# Proposition 18

Between two similar plane numbers there is one mean proportional number, and the plane number has to the plane number the ratio duplicate of that which the corresponding side has to the corresponding side.

Let A and B be two similar plane numbers, and let the numbers C and D be the sides of A, and E and F of B.

Now, since similar plane numbers are those which have their sides proportional, therefore C is to D as E is to F.

VII.Def.21

I say then that between A and B there is one mean proportional number, and A has to B the ratio duplicate of that which C has to E, or as D has to F, that is, of that which the corresponding side has to the corresponding side.

VII.13

Now since C is to D as E is to F, therefore, alternately C is to E as D is to F.

And, since A is plane, and C and D are its sides, therefore D multiplied by C makes A. For the same reason also E multiplied by F makes B.

VII.17

Multiply D by E to make G. Then, since D multiplied by C makes A, and multiplied by E makes G, therefore C is to E as A is to G.

VII.17

But C is to E as D is to F, therefore D is to F as A is to G. Again, since E multiplied by D makes G, and multiplied by F makes B, therefore D is to F as G is to B.

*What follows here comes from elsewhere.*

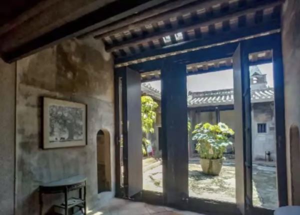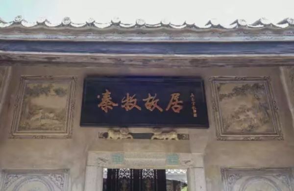 这是一套潮汕传统建筑,俗称“四点金”,有点像北京的四合院。大门气派雅致,门壁上的潮式嵌瓷,历经一个世纪的风吹雨打依然精美。屋檐之上雕栏窗花、青瓦刻石随处可见。大门上面挂有牌匾,有吴南生书记题写的“秦牧故居”字样。

But it was also proved that D is to F as A is to G, therefore A is to G as G is to B. Therefore A, G, and B are in continued proportion.

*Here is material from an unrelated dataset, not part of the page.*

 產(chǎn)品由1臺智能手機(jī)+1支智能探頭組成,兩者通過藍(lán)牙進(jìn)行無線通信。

Therefore between A and B there is one mean proportional number.

I say next that A also has to B the ratio duplicate of that which the corresponding side has to the corresponding side, that is, of that which C has to E or D has to F.

V.Def.9

Since A, G, and B are in continued proportion, A has to B the ratio duplicate of that which it has to G. And A is to G as C is to E, and as D is to F. Therefore A also has to B the ratio duplicate of that which C has to E or D has to F.

Therefore, between two similar plane numbers there is one mean proportional number, and the plane number has to the plane number the ratio duplicate of that which the corresponding side has to the corresponding side.

Q.E.D.

## Guide

This proposition generalizes VIII.11 from squares to similar rectangles.

#### Outline of the proof

Assume that the similar plane numbers are cd and ef so that c : d = e : f, or, alternately, c : e = d : f. Then c : e = cd : de, and d : f = de : ef, therefore the ratio of the plane numbers cd : ef is compounded of the ratios of the corresponding sides c : e and d : f. Also, since the ratios of the corresponding sides are the same, the ratio of the plane numbers is the duplicate of the ratio of the sides. Furthermore, since cd : de = de : ef, the number de is a mean proportional between the two plane numbers cd and ef.

#### Use of this proposition

This proposition is used in several of the remaining propositions in this book beginning with the next. It is also used in the first two propositions of Book IX. Proposition VIII.20 is a partial converse of this one.